1. Disable external entities in XML parsing
Use a parser that does not resolve external entities. For example, with defusedxml:
from defusedxml.ElementTree import fromstring
def safe_parse_xml(xml_data: str):
# This parser does not resolve external entities
return fromstring(xml_data)
If you use lxml, configure it to disable DTD and entity resolution:
from lxml import etree
def safe_lxml_parse(xml_data: str):
parser = etree.XMLParser(resolve_entities=False, no_network=True, dtd_load=False)
return etree.fromstring(xml_data, parser=parser)

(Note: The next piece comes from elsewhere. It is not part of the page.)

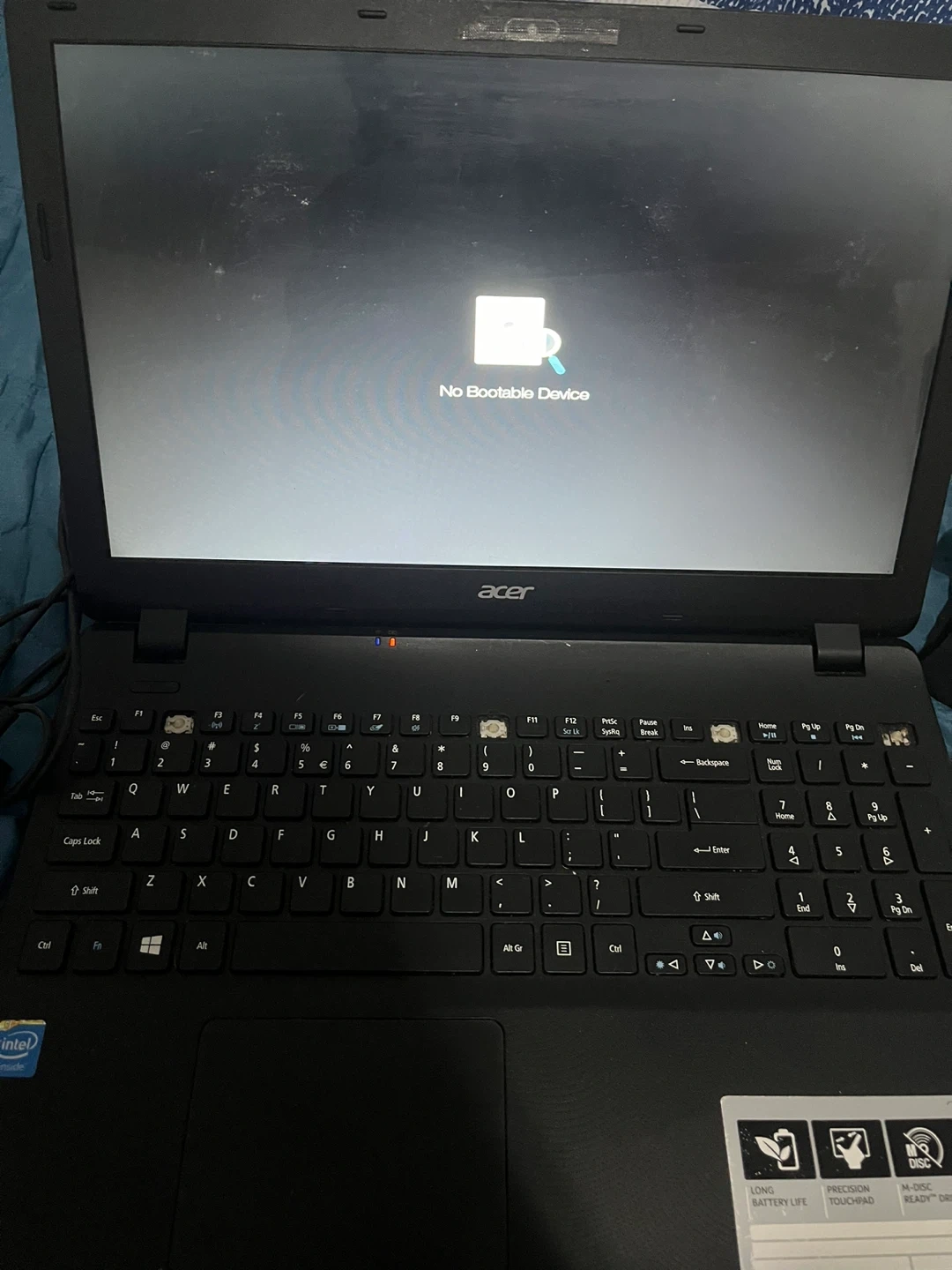 77Selling a used Acer laptop. It comes with a charger. Please note that the laptop displays a 'No Bootable Device' message, so it may need a Windows CD To restore it back to default settings, some button keys are missing. but the button still works!
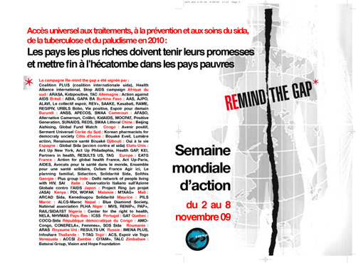 Les associations luttant pour l’accès à la santé dans les pays du sud appellent aujourd’hui à une semaine mondiale d’actions du 2 au 8 novembre 2009, pour exiger des pays les plus riches, dont la France, qu’ils tiennent leurs engagements pour l’accès universel aux traitements d’ici 2010 ; ils doivent notamment augmenter d’urgence leur contribution au Fonds Mondial de lutte contre le sida, la tuberculose et le paludisme. Ces associations réunies autour de la campagne Remind de gap rencontreront Nicolas Sarkozy et Carla Bruni Sarkozy à l’Elysée mercredi prochain le 16 septembre pour aborder la question du financement de la lutte contre le sida, la tuberculose et le paludisme.

2. Validate and sanitize data before DynamoDB usage
Never directly use extracted XML values in DynamoDB expressions. Validate against an allowlist and use DynamoDB’s provided parameterization to avoid injection-like issues. For example, using boto3 with ExpressionAttributeValues:
import boto3
from botocore.exceptions import ClientError
def get_item_safe(table_name, key_value):
# Assume key_value has been validated and normalized
dynamodb = boto3.resource('dynamodb')
table = dynamodb.Table(table_name)
try:
response = table.get_item(
Key={
'id': key_value # validated string, not raw XML text
}
)
return response.get('Item')
except ClientError as e:
# Handle expected ConditionalCheckFailedException and others
raise e
3. Use strict schema validation for incoming XML
Define an XSD or use a strict serializer (e.g., Django forms or Pydantic) to ensure only expected fields are accepted. Example with a simple form:
from django import forms
class ItemFilterForm(forms.Form):
item_id = forms.CharField(max_length=64, regex=r'^[a-zA-Z0-9_-]+$')
def clean(self):
cleaned_data = super().clean()
item_id = cleaned_data.get('item_id')
if not item_id.startswith('ITEM-'):
raise forms.ValidationError('Invalid item_id format')
return cleaned_data
In your view, reject XML that cannot be mapped to this schema, and do not attempt to extract or use disallowed fields in DynamoDB queries.

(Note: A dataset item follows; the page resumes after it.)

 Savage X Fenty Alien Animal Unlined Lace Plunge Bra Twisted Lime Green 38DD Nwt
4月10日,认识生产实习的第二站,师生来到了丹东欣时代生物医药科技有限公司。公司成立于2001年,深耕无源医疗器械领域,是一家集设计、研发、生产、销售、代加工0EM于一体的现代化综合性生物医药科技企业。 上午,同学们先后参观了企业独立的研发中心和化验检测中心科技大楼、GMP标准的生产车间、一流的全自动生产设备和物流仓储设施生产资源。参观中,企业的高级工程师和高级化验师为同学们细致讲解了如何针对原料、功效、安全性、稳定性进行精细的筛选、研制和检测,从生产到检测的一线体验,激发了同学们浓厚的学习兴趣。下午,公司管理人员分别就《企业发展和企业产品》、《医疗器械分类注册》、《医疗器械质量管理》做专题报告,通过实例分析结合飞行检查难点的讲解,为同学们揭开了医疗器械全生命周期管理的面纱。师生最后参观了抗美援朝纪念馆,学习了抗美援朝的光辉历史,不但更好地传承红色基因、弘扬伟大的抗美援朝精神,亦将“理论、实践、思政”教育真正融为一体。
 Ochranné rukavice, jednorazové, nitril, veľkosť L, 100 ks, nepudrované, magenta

4. Enforce least privilege for DynamoDB access
Ensure the IAM role or user associated with your Django application has only the permissions needed for the intended DynamoDB operations. Avoid broad dynamodb:* permissions. For example, a policy allowing read-only access to a specific table:
{
"Version": "2012-10-17",
"Statement": [
{
"Effect": "Allow",
"Action": [
"dynamodb:GetItem",
"dynamodb:Query"
],
"Resource": "arn:aws:dynamodb:region:account-id:table/YourTableName"
}
]
}
5. Logging and monitoring
Log rejected inputs and failed validation events without logging raw XML or sensitive extracted content. Monitor for repeated malformed XML submissions that may indicate probing or attacks.

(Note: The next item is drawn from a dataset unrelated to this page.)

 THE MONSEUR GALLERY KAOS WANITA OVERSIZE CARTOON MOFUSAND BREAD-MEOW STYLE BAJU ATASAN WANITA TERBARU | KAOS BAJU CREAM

Example safe flow in a Django view
from django.http import JsonResponse
from defusedxml.ElementTree import fromstring
from .forms import ItemFilterForm
from .dynamodb import get_item_safe
def item_detail(request):
xml_data = request.body.decode('utf-8')
try:
root = fromstring(xml_data) # safe parse
item_id = root.findtext('item_id')
form = ItemFilterForm({'item_id': item_id})
if not form.is_valid():
return JsonResponse({'error': 'Invalid input'}, status=400)
item = get_item_safe('YourTableName', form.cleaned_data['item_id'])
return JsonResponse(item or {})
except Exception:
return JsonResponse({'error': 'Processing failed'}, status=400)
This approach ensures XML parsing does not resolve external entities, input is validated before use, and DynamoDB calls use safe, parameterized patterns.